7月に入ったばかりだというのに、季節はいつの間にか真夏のようになってしまいました。
話は、世間では桜の開花時期の話題をはじめ、春を感じさせるニュースが多かった時期にさかのぼります。今となっては思い出せない心地よい春の陽気と同時に、この季節は花粉症で大変だっていう話題も多くなっています。

そういう私は、今年が花粉症デビュー。
鼻水はあまりないのですが、目が乾く感じに加えて、かゆくて仕方ありません。

花粉症による生産効率の低下で、何億円もの経済損失があるという試算も出ていましたが、たしかに、パソコンに向かい目を擦りながらのキーボード操作は、全くはかどりません。一旦目を擦って息を止め、その間に猛スピードで入力する、の繰り返しをしています。
さすがにこれでは仕事にならないと思い、人生初と言ってもいい、眼科に行ったときのことです。

違和感を感じさせる仕組み

近くには選べるほどたくさんの眼科があるわけではありませんが、そのいくつかの病院のホームページを見たり、SNSでの発信を確認するなどして、眼科を決めました。

都会のカフェのようにまずはカウンターでの注文からなのか、先に席につき店員さんに注文するのか、テーブルの上にあるタブレットからなのか食券なのかなど、仕組みのよくわからないところに入るのはいくつになってもドキドキします。

病院では、3密を防ぐためか、コロナ以降スマホから予約するところが増えてはきましたが、通常、玄関入ってすぐ受付があり、「診察お願いします」と言えば、だいたい間違いがありません。
ところがこの病院、入ってすぐ待合室。受付がありません。座って待っていようかと思いましたが受付をしなければ呼んでももらえないと思い、恐る恐る奥の方を見ると受付がふたつあります。
どちらに声を掛ければいいのかわかりませんでしたが、意を決して、左側の受付に向かいました。
決め手は勘です。
後でわかったのですが、どうやら左は通常の診察、右側がコンタクトレンズ専用の受付のようでした。

業務が行われる環境と業務の品質

受付の話はまだこれからです。
勇気を振り絞って、院歴の長そうな受付の女性に声を掛けました。
「初めてなんですけど、診察お願いします・・・」
とマイナンバーカードを差し出しながらお願いすると、返ってきたのは、
「まずはこれを読んでください。それでも良ければこの紙に名前をお願いします。」
一語一句あっている自信はありませんが、この文字のようにとても丁寧な対応には感じられません。

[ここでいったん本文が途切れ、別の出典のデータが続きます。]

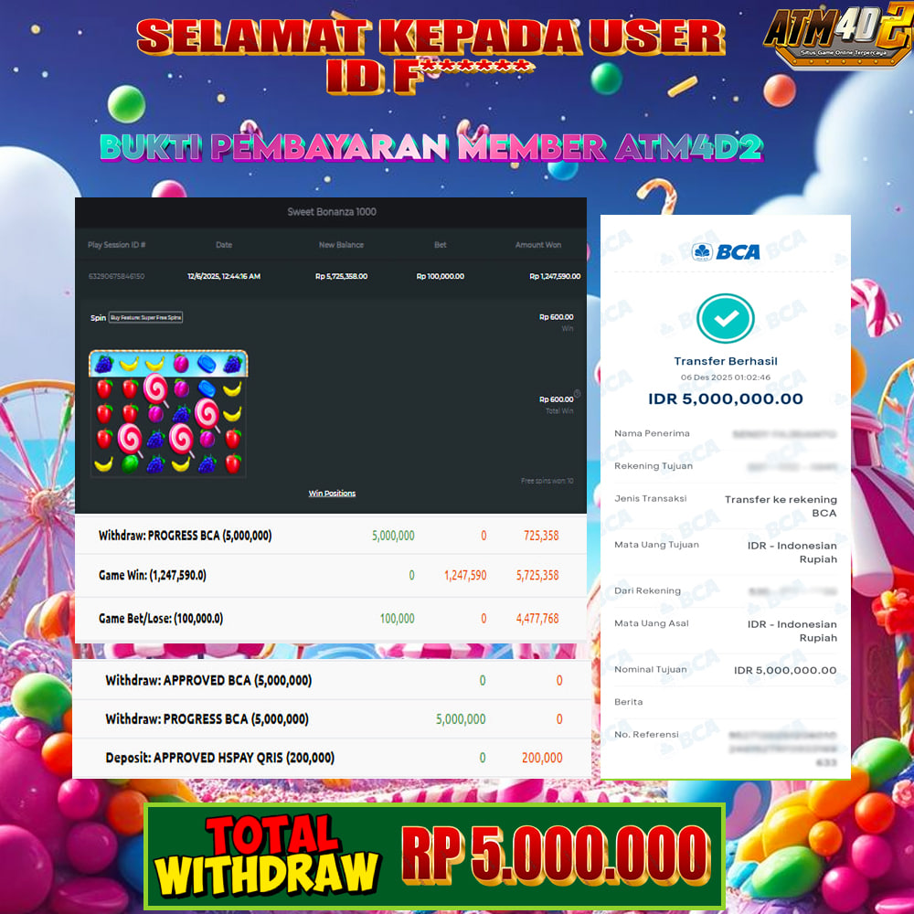 ATM4D2 dikenal sebagai situs terpercaya yang selalu menghadirkan pengalaman bermain slot online yang aman, fair, dan berlisensi resmi. Di sini, kami tidak hanya sekadar memberikan janji, tapi bukti nyata berupa slip kemenangan yang dapat Anda lihat secara langsung.

そして、渡されたのはくたびれたクリアファイルに入った、いつ印刷したのかわからないようなA4のコピー用紙。何が書いてあるのかの説明をまったくすることもなく、「それでも良ければ」という言葉。その出されたものを読むまでもなく、私には都合の悪いことを言われていて、それでもいいんならどうぞ、という空気が一瞬にして作られました。

目がかゆいのはすっかり忘れていましたが、せっかくここまで来たのですから、出されたA4用紙を読んでみました。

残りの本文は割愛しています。